== Task material
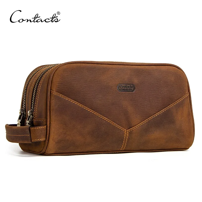CONTACT'S Кожаная косметичка из натуральной кожи для коротких поездок, в винтажном стиле мыть мешок для мужчин косметички 2019
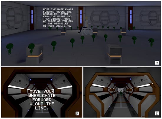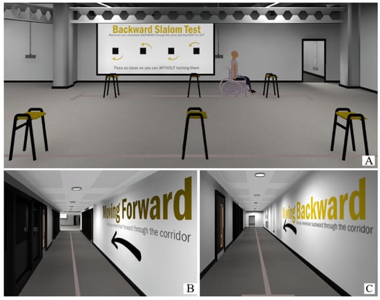 Game VR training. Image (A) represents the room where the forward slalom test and backward slalom test were performed. Image (B) represents the room where the forward test was performed. Image (C) represents the room where the backward test was performed.
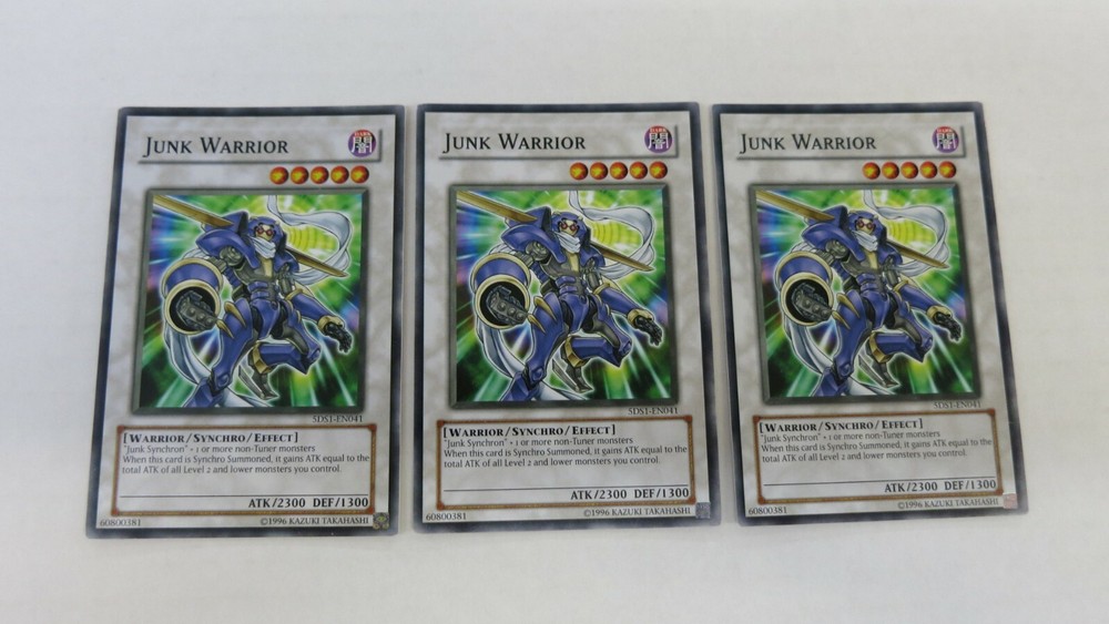 Welcome to Great_Deals_On_Collectibles.We are in the retail hobby sector and have been since 1991.We sell sportscards,gaming cards,comic books,action figures,plush toys and various other hobby related items.We have been on Ebay since 1999.We try to make buyers experience on EBAY as satisfying as possible.Our feedback on Ebay speaks volumes.Every item we have up for auction is LIVE and ready to be shipped upon payment. If you have any questions feel free to contact us,thanks for showing interest. YUGIOH You are bidding on 3x UNLIMITED JUNK WARRIOR 5DS1-EN041 PLAYSET COMMON YUGIOH UNPLAYED
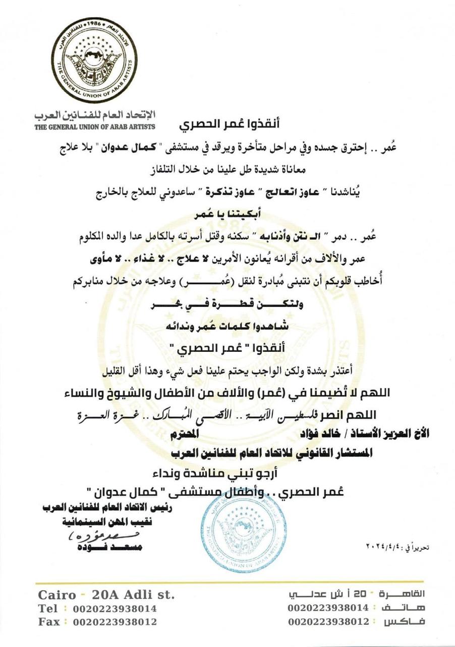 وأضاف المخرج مسعد فودة في بيان له: عمر قتلت أسرته بالكامل عدا والده المكلوم، الآلاف من أقرانه يُعانون الأمرين لا علاج.. لا غذاء.. لا مأوى أخاطب قلوبكم أن نتبنى مبادرة لنقل عمر وعلاجه من خلال منابركم، متابعًا: ولتكن قطرة في بحر شاهدوا كلمات عمر وندائه أنقذوا عمر الحصري.
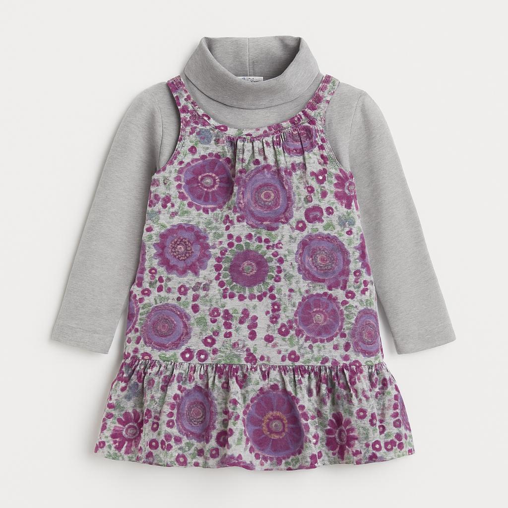 Questo adorabile completo per bambine è un mix perfetto di comfort e stile! La felpa grigia a maniche lunghe è abbinata a un vestitino grigio chiaro con un vivace motivo floreale nei toni del viola e del verde. Con un taglio ampio e grazioso, il vestitino presenta una gonna arricciata che aggiunge movimento e divertimento ad ogni passo. Ideale per la stagione autunnale, questo outfit è perfetto per le avventure quotidiane delle piccole esploratrici. Anche se usato, si presenta in ottime condizioni, pronto a regalare sorrisi e gioia!
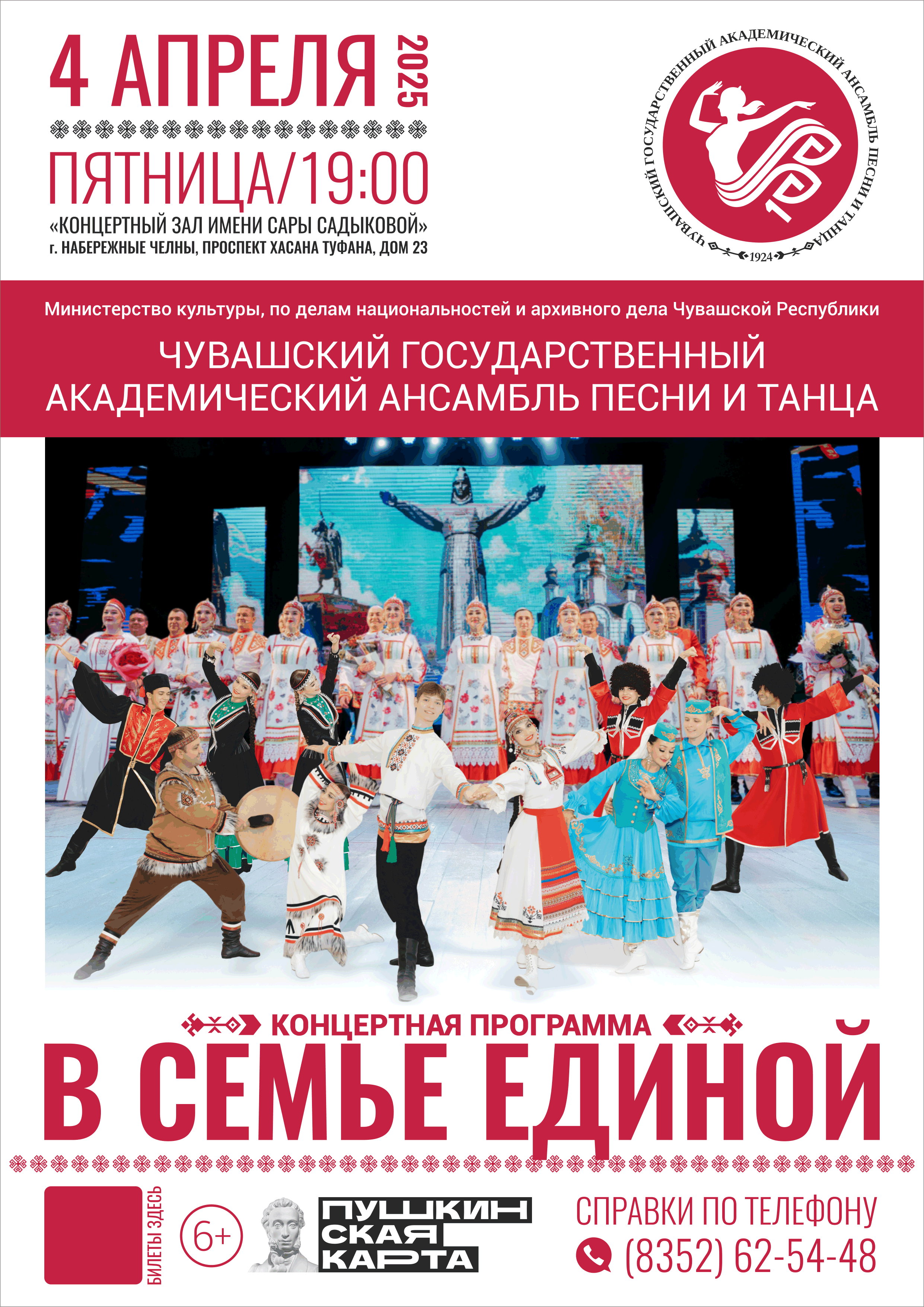 4 апреля в Концертном зале имени Сары Садыковой выступит Чувашский государственный академический ансамбль песни и танца с концертной программой «В семье единой». Начало в 19:00.
====
What to work on
Word for word, output the lines from the line bearing "Welcome to Great_Deals_On_Collectibles.We" through the end of the records above, and only those, without the pictures.

Answer to the exercise
 Welcome to Great_Deals_On_Collectibles.We are in the retail hobby sector and have been since 1991.We sell sportscards,gaming cards,comic books,action figures,plush toys and various other hobby related items.We have been on Ebay since 1999.We try to make buyers experience on EBAY as satisfying as possible.Our feedback on Ebay speaks volumes.Every item we have up for auction is LIVE and ready to be shipped upon payment. If you have any questions feel free to contact us,thanks for showing interest. YUGIOH You are bidding on 3x UNLIMITED JUNK WARRIOR 5DS1-EN041 PLAYSET COMMON YUGIOH UNPLAYED
 وأضاف المخرج مسعد فودة في بيان له: عمر قتلت أسرته بالكامل عدا والده المكلوم، الآلاف من أقرانه يُعانون الأمرين لا علاج.. لا غذاء.. لا مأوى أخاطب قلوبكم أن نتبنى مبادرة لنقل عمر وعلاجه من خلال منابركم، متابعًا: ولتكن قطرة في بحر شاهدوا كلمات عمر وندائه أنقذوا عمر الحصري.
 Questo adorabile completo per bambine è un mix perfetto di comfort e stile! La felpa grigia a maniche lunghe è abbinata a un vestitino grigio chiaro con un vivace motivo floreale nei toni del viola e del verde. Con un taglio ampio e grazioso, il vestitino presenta una gonna arricciata che aggiunge movimento e divertimento ad ogni passo. Ideale per la stagione autunnale, questo outfit è perfetto per le avventure quotidiane delle piccole esploratrici. Anche se usato, si presenta in ottime condizioni, pronto a regalare sorrisi e gioia!
 4 апреля в Концертном зале имени Сары Садыковой выступит Чувашский государственный академический ансамбль песни и танца с концертной программой «В семье единой». Начало в 19:00.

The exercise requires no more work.